Arrêter la destruction de la forêt tropicale

Comment stopper le défrichement de la forêt tropicale ?

Le bilan des objectifs convenus au niveau international pour ralentir le réchauffement climatique est décevant : l’objectif formulé en 2015 lors de la conférence de Paris sur le climat, à savoir limiter le réchauffement climatique à 1,5°C si possible, mais au moins à moins de 2°C, ne peut guère être atteint. Car les résultats de la conférence des Nations unies sur le climat qui s’est tenue cette année à Sharm El-Sheik, en Égypte, sont loin d’être suffisants pour cela - la plupart des experts et des politiques sont d’accord sur ce point.

Et le thème de la protection des forêts a lui aussi connu plus de reculs que de progrès. Alors que l’année dernière, lors de la COP26 à Glasgow en Écosse, plus de 140 nations représentant plus de 90% des surfaces forestières mondiales s’étaient mises d’accord sur une déclaration commune sur les forêts et l’utilisation des sols, la protection des forêts n’était cette année qu’un thème marginal. Il manque des calculs concrets sur les coûts et des mesures contraignantes.

Un milliard pour la forêt, ce n’est pas assez

Le gouvernement fédéral a pourtant l’intention de consacrer un milliard d’euros de plus aux mesures de protection des forêts d’ici 2025. Mais si l’on compare cette somme, qui peut paraître importante, avec les calculs d’une étude publiée récemment évaluation sur les progrès de la protection des forêts, ce n’est qu’un début. Selon cette étude, il faudrait débourser jusqu’à 460 milliards de dollars par an pour stopper la perte de forêts dans le monde et restaurer les zones forestières déjà détruites.

Mais pourquoi la forêt tropicale est-elle défrichée à grande échelle ? Outre les accords internationaux, que peut-on faire pour stopper la déforestation ? Ou est-il déjà trop tard pour intervenir ?

Le soja et les vaches sont les principaux moteurs de la déforestation

Depuis 1990, plus de 420 millions d’hectares ont été perdus. Cela peut en surprendre plus d’un : ce n’est pas l’industrie du bois, mais l’agriculture qui est le principal moteur de la déforestation. La transformation de surfaces forestières en surfaces agricoles est la raison décisive de la grande majorité des défrichements. La culture du soja, du maïs et l’élevage de bétail prennent le pas sur la forêt tropicale.

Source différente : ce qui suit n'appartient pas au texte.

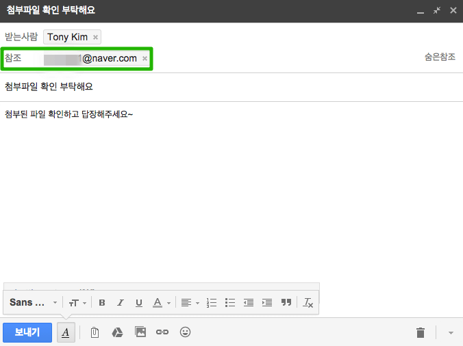카본카피를 의미하는 CC다음에 다른 수신인의 이메일주소를 적으면 그 수신인한테도 똑같은 이메일이 발송됩니다.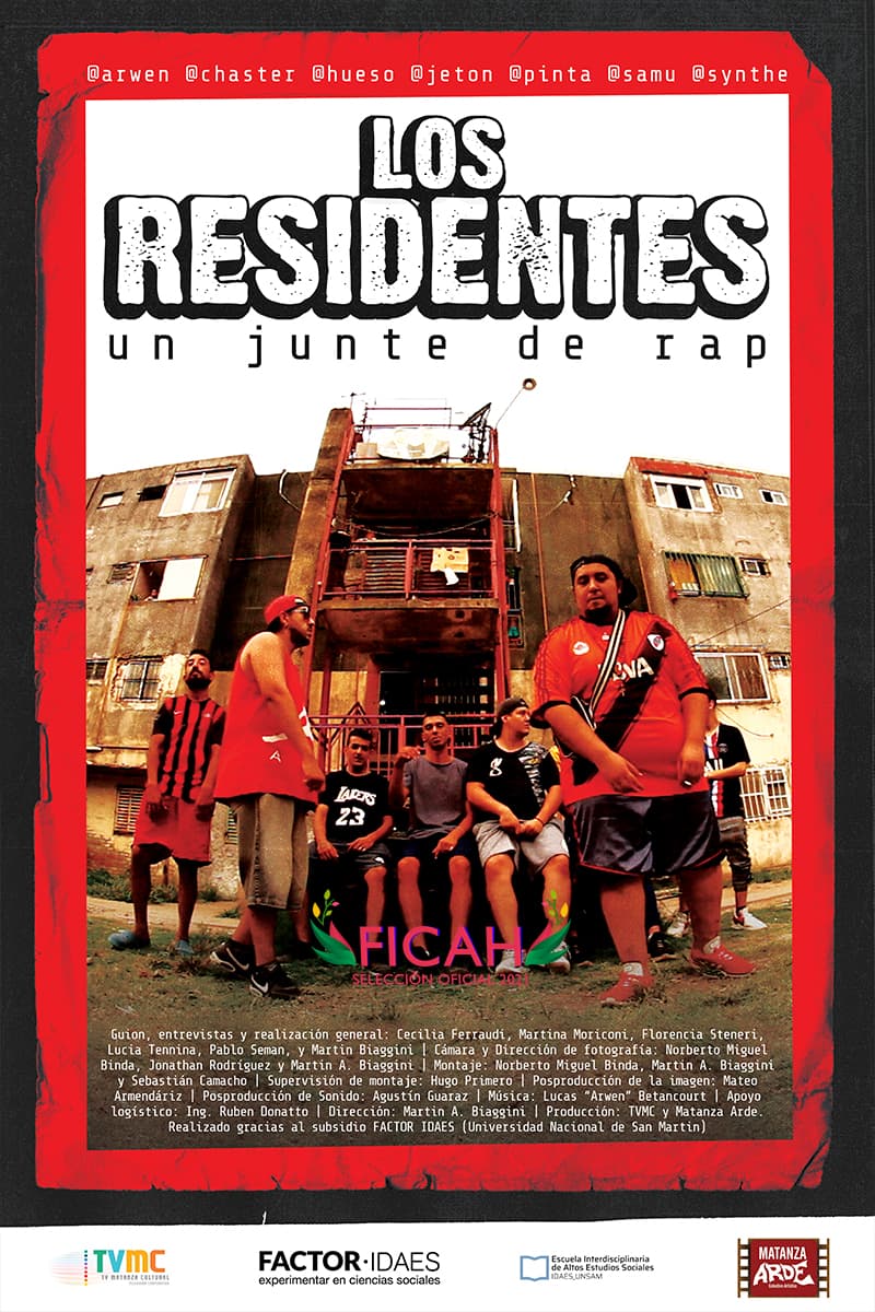 Sinopsis: “Los Residentes” es una reunión de jóvenes raperos de distintos barrios marginales de Buenos Aires, que gracias a las redes sociales procesan sus experiencias, tejen vínculos, elaboran interpretaciones sobre sí mismos y su entorno a través del rap.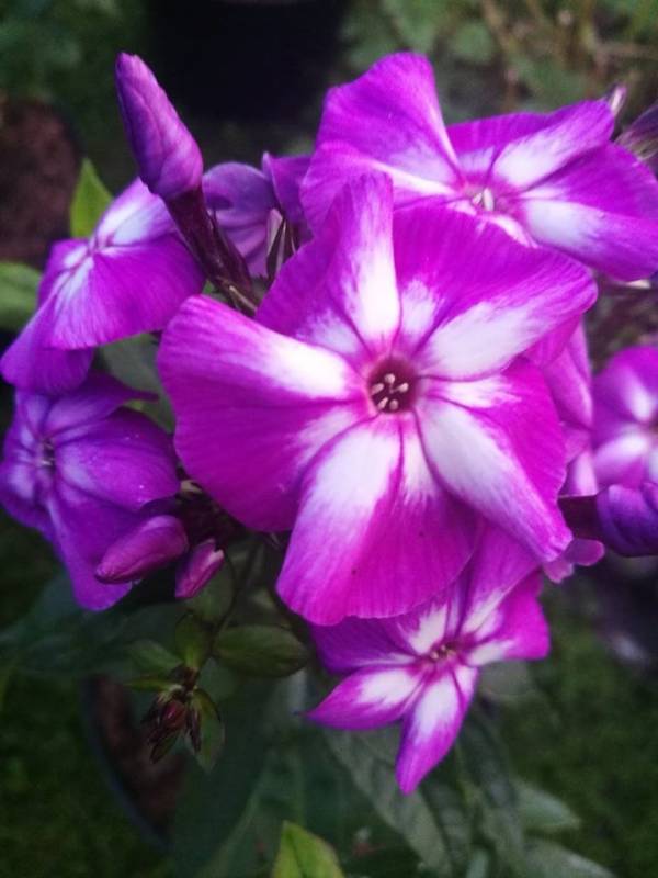 Kwiaty fioletowo-purpurowe z duży białym oczkiem, pachnące do 4,5cm średnicy. Kwiatostany do 20cm. Kwiaty nie blakną w słońcu i nie zmieniają koloru wieczorem.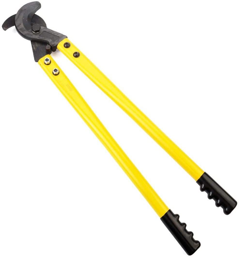 商品仕様 外径Φ38mmまでのケーブルを迄の銅線やアルミ線をキレイに切断するケーブルカッターLK-500です。 外形寸法:L800mm 重量:2.8kg 用途:外径500sqまでの銅線やアルミ線を切断します。 電線外径:最大Φ42mm(銅線最大Φ38mm) 電線サイズ:500sq迄(*重要:銅製単線の場合、切断径幅が400sqまで)。 *注意:銅線やアルミ線の切断以外にご使用しないでください。SUS線・真鍮線などの切断に使用できません。 ご注意(免責)>必ずお読みください ●感電の恐れがありますので、活線作業は行わないで下さい。 ●安全の為に保護メガネを着用して作業して下さい。切断物が飛び散りますので、周囲に人や壊れやすい物がないことを確認してから作業して下さい。 ●硬い材質、ピアノ線などの切断に使用しないで下さい。 ●両端のボルトとナットを締めて隙間を調整しないで下さい。セットピンが破損する原因となります。 商品特徴 【特長】 ・頑丈で切れ味鋭い。 ・ハンドルは持ちやすく、取り扱いも簡単なので初心者にも扱えます。 ・全パーツはオイル焼き入れ焼き戻し処理済みの特殊鋼製。 IWISS アイウィス「IWISS」はプライヤやペンチを主力とした工具類が販売され、ドイツやアメリカをはじめ、世界50か国以上で販売されているの人気ブランドです。 発売されたオープンバレル用圧着ベンチやワイヤベンチがEUやアメリカのECサイトでベストセラーランキングで何度も1位になっている大ヒット商品です。高品質な材料から作られたそれらの製品はその精度と実績から高い信頼を得ています。 | |||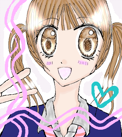 はる〜!! 笑佳ちゃんめっちゃ可愛いよ〜>< ピースとかほんと可愛いよv 瞳も細かくてすごいきれいだね!! 制服も上手いしvv 背景のトーンとかハートとかも素敵だよーv でわA
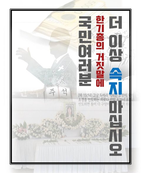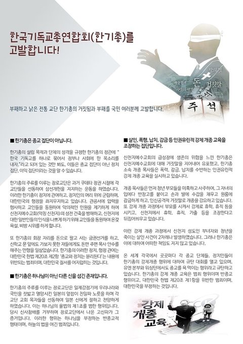 하나님께서는 거짓을 말하는 자의 혀가 입에서 궤사할 것이며, 꾀를 _는 자는 황무케 할 것이며 사람들의 치솟거리로 만들겠노라고 약속하셨습니다. 그러나 한기총은 지금도 이러한 하나님의 말씀을 경외하지 않고 만홀히 여기며 끊임없이 죄악를 저지르고 있으니 그 결말이 어떠하겠습니까? 상황이 이러한 가운데 지금에서야 한기총의 거짓과 가면을 알게 된 국민이라면 살인을 조장하는 강제개종으로 전 세계의 공분을 불러일으킨 한기총을 고발하는 일에 함께 동참할 것을 권합니다. 그리하여 한기총이 다시는 불의를 저지르지 못하도록 만들어서 모든 국민과 국가와 사회와 종교가 모두 평화롭게 공존하는 대한민국을 만듭시다.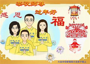 辽宁省大连一家三口大法弟子恭祝师尊过年好!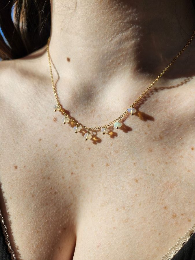 Ethiopian opal gold fringe necklace. Metals are 18kt gold plate over brass. All metals are nickel-free and lead-free.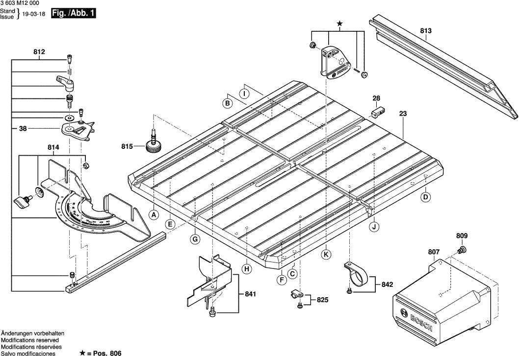 Tekeningen van de Bosch 3603M12000 ( ADVANCEDTABLECUT52 )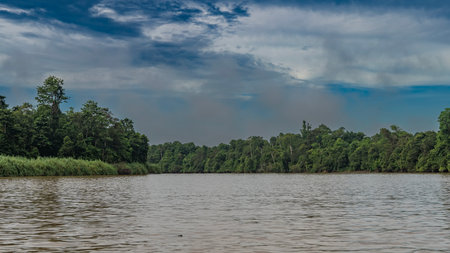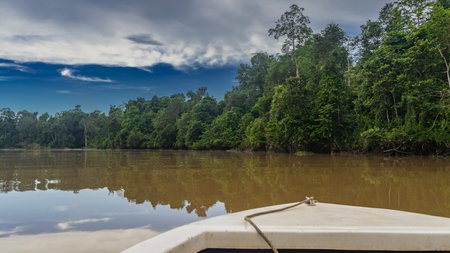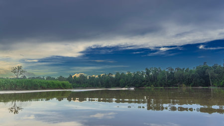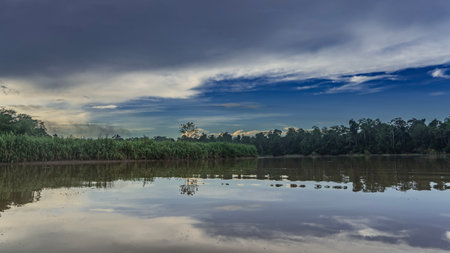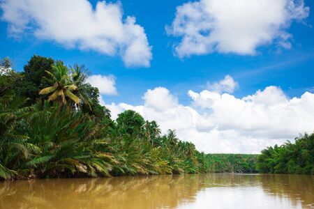A calm tropical river in the jungle. Tickets of rain forest trees on the shore. Reflection on brown water. Clouds in the sky. Malaysia. Borneo. Sandakan. Kinabatangan River.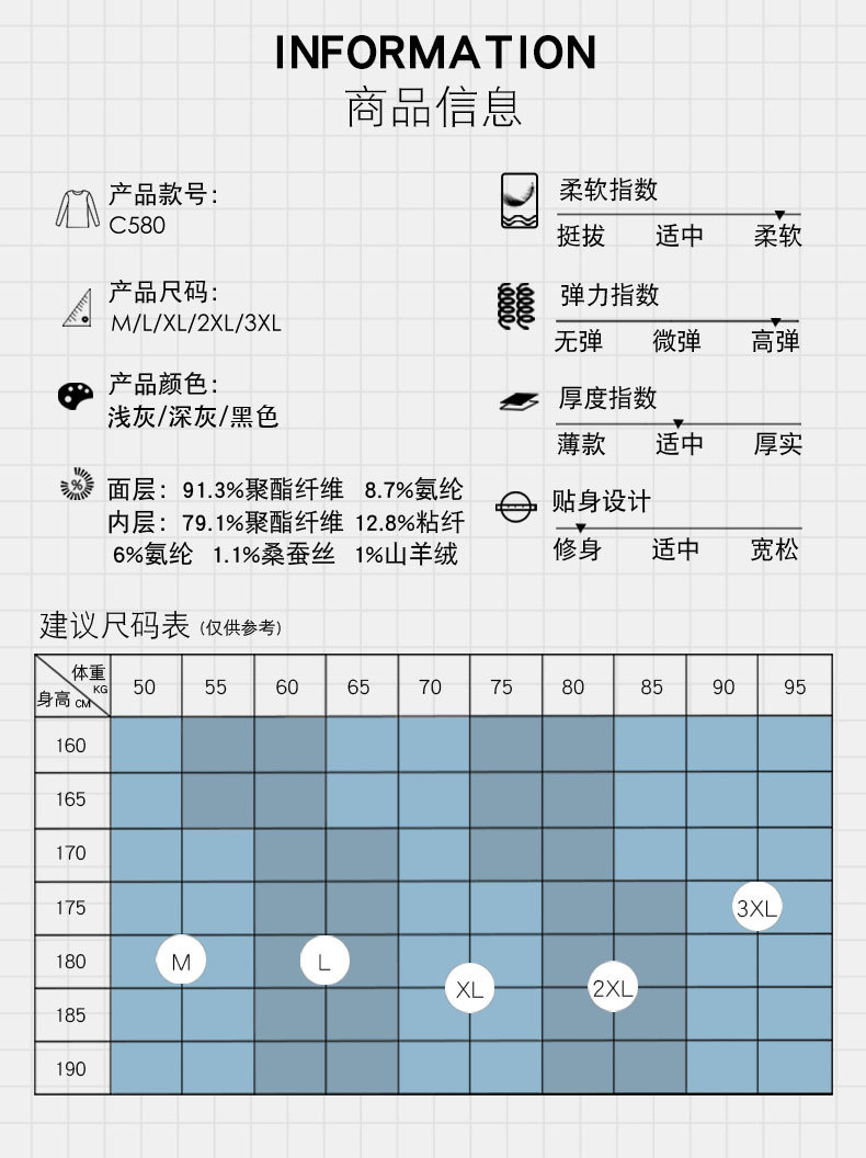 颜色 C580【黑色】蚕丝羊绒保暖裤,C580【浅灰】蚕丝羊绒保暖裤,C580【深灰】蚕丝羊绒保暖裤

Utiliser la forêt de manière durable sans mettre en péril son existence signifie donc la protéger. Ce n’est que lorsque la forêt elle-même acquiert une valeur en tant que forêt existante qu’elle ne doit pas céder la place à des terres agricoles. C’est précisément l’objectif de Betterwood : Protéger en utilisant durablement. L’achat de bois tropical durable issu de systèmes forestiers durables prouvés soutient la protection des forêts locales en Amérique du Sud. Les entreprises et les consommateurs, en collaboration avec des associations de certification telles que le FSCpeuvent d’ores et déjà faire la différence dans l’évolution du réchauffement climatique, même si les objectifs internationaux convenus au niveau politique ne sont pas respectés.

L’Amazonie sur le fil du rasoir ?

Il n’est pas encore trop tard : l’Amazonie n’est pas encore au point de basculement. Des pays comme l’Indonésie, le Venezuela ou la Malaisie ont certes des taux de déforestation élevés, mais ils reconnaissent aussi l’importance globale de la forêt. Le changement de gouvernement au Brésil peut également être source d’optimisme en ce qui concerne la protection des forêts. Le Brésil, l’Indonésie et la République démocratique du Congo s’unissent désormais contre la destruction illégale des forêts. Un signe d’espoir, car ce sont les trois principaux pays producteurs de forêts tropicales du monde qui veulent s’unir pour lutter contre la corruption et s’engager dans la mise en place de systèmes forestiers durables. Les consommateurs qui veillent à une origine certifiée durable ont une influence directe sur la protection des forêts.